The building of the Guggenheim was not uncontentious, however. The idea to build an icon structure in the face of the high unemployment levels of the early 1990s caused alarm in a number of quarters, with some feeling it would be better to build new factories rather than pursue an internationalization strategy involving city-marketing and cultural facilities. The artistic community were initially the most vociferous opponents, as they believed the Guggenheim offered little to the local artistic community.
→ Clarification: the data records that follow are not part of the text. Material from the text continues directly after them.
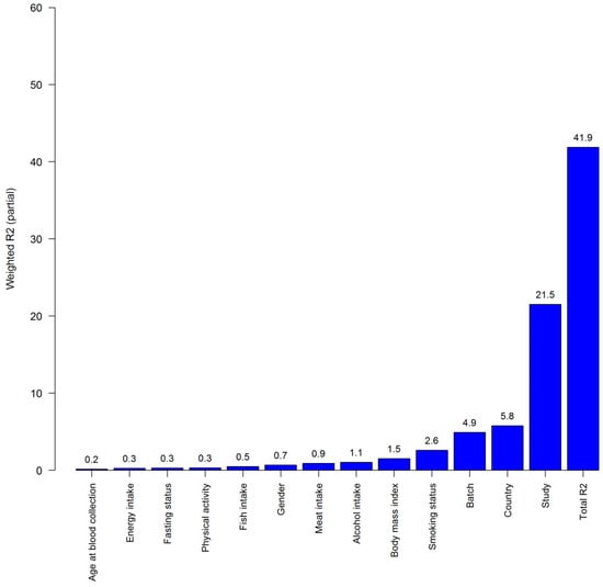 The Principal Component Partial R-square (PC-PR2) method [28] was applied to estimate the contribution to total variability in metabolite concentrations attributed to self-reported alcohol intake (natural logarithm of continuous alcohol intake + 1) and other factors, including sub-study (categorical), batch (categorical), sex (categorical), age at blood collection (continuous), country (categorical), fasting status at blood collection (categorical: <3 h/3–6 h/>6 h/unknown), smoking status at recruitment (categorical: current/former/never/unknown), BMI (continuous), Cambridge physical activity index (categorical: inactive/moderately inactive/moderately active/active/unknown), and daily intake of energy, meat and meat products, fish and shellfish (all continuous). Firstly, principal component analysis was conducted on metabolite concentrations, and the components explaining > 80% of the total variability were retained (c = 18). Then, in multiple linear models the component scores were, in turn, regressed on the list of aforementioned independent variables, and Rpartial2 for each covariate was estimated separately for each component. Lastly, an overall Rpartial2 for each covariate was calculated as a weighted average, using the eigenvalues of each principal component c as weights. As a result, the Rpartial2 provides a measure of the variability in the ensemble of metabolite concentrations that each covariate contributes to explain [28].
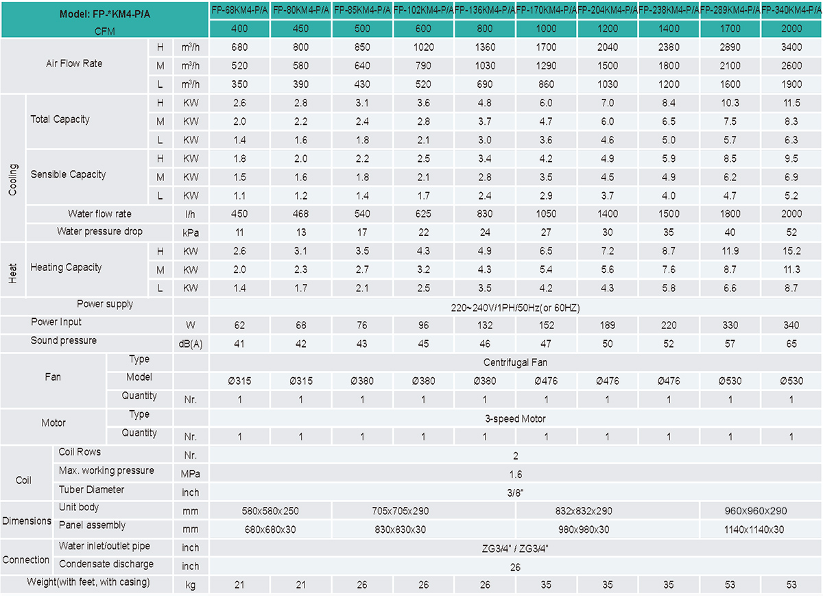 Suitable for hot/chilled water system, ceiling installation;
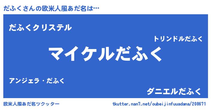 | 男性向けラノベタイトル風あだ名 | 『だふくの憂鬱』『はたらくだふくさま!』 |

Indeed a number of arts programmes were initially cut and there was a fear of its impact on existing facilities. Local sculptor Jorge Oteiza, who had nurtured the project of an arts centre in another site in the heart of Bilbao, became the leader of a lobby opposing this museum, which was seen by many local artists and intellectuals as 'an instrument of cultural colonialism'.45
While some segments remain suspicious, a larger section has become more enthusiastic, given the now increased investment in traditional cultural facilities, such as the extension of the Museum of Fine Arts as well as other amenities, such as the auditorium and conference centre. As a consequence it appears there has also been a burgeoning of artist-run and grass-roots movements, with outlets such as the alternative theatre and dance centre, La Fundici, the Mediaz association and the Urazurrutia centre.